DESEAR EL ZEN 96


Cuando aprendemos a observarnos, ¿con qué nos encontramos?: buena parte de lo que contenemos es caos y oscuridad, humores vaporosos, desorden, dispersión. 

Una constatación del tipo que describo ocurre en cada comienzo de un proceso vital, por ejemplo al aprestarse a meditar: lo vivo bulle dentro nuestro como gérmenes húmedos, tibios, henchidos de potencialidad; pero con modales a menudo muy poco presentables o justificables. 

Más que poner orden, el Zen practicado permite entrelazar lo que encontramos en ese momento (a menudo viscoso, oscuro, pestilente o demasiado aromático) con otra cosa, que también estaba en nosotros (aunque no la advirtiéramos): chorros de luz fresca, diáfana y seca que, a base de ejercicio, consiguen manifestarse, reforzando a la persona que practica. 

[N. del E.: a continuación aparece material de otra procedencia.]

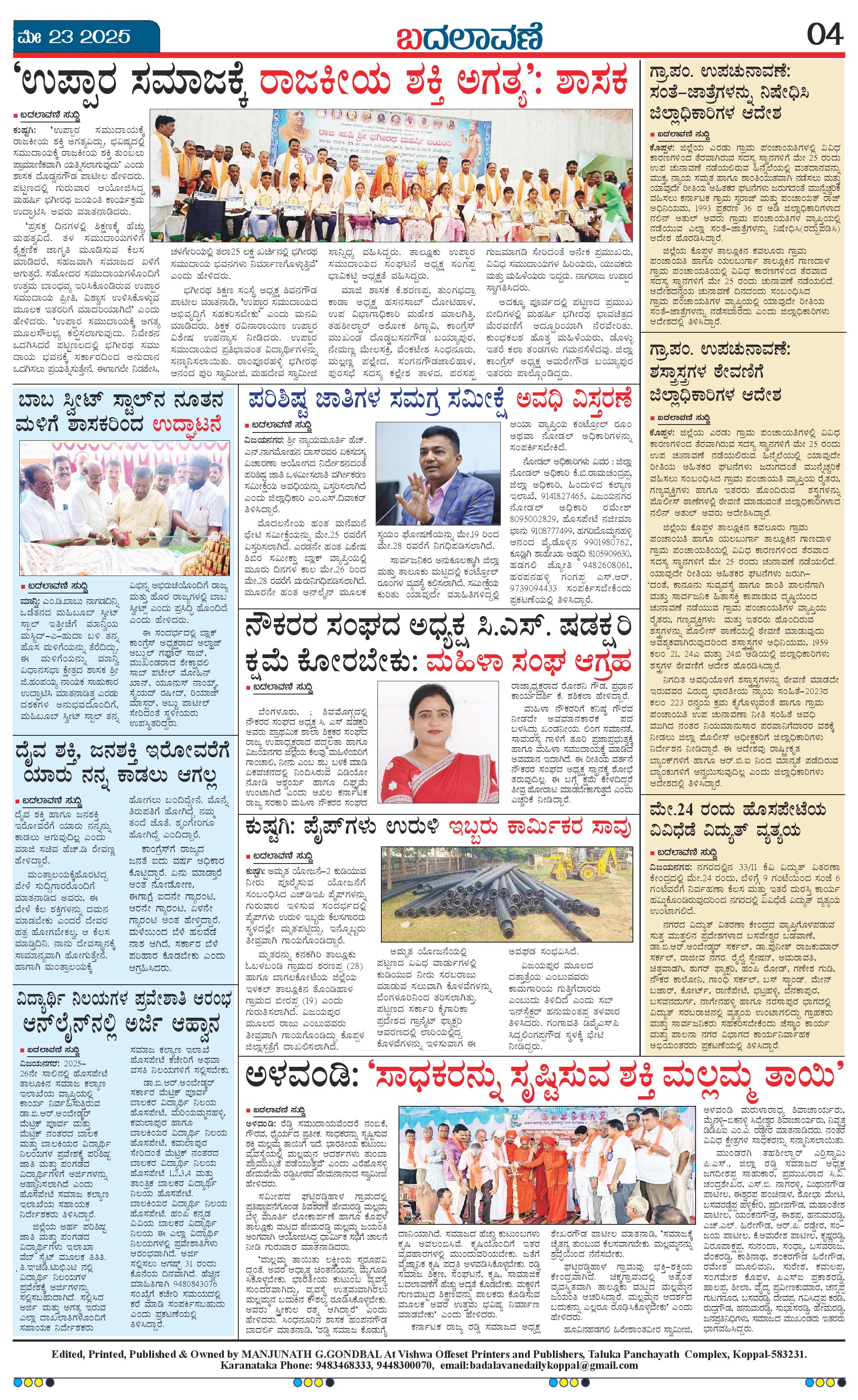 ಬದಲಾವಣೆ 23 MAY 2025 Page: 4 May 23, 2025 << First << 4 >> Last >> Page 1Page 2Page 3Page 4 × ಬದಲಾವಣೆ 23 MAY 2025 page-1page-2page-3page-4 << First << 4 >> Last >> page-1page-2page-3page-4 page-4

Las sombras nunca desaparecen. Es más: de producirse un predominio exagerado de la luz (pasando de explosión circunstancial a foco encendido permanentemente), cabría entender que la carencia de esa luz (durante la noche, temporal o anímica) es una presencia aceptada como algo negativo. Pero ¡eso nunca! El Zen va en sentido precisamente contrario: enseña a no querer elegir entre el engañoso imperio de la electricidad o un blackout tenebroso.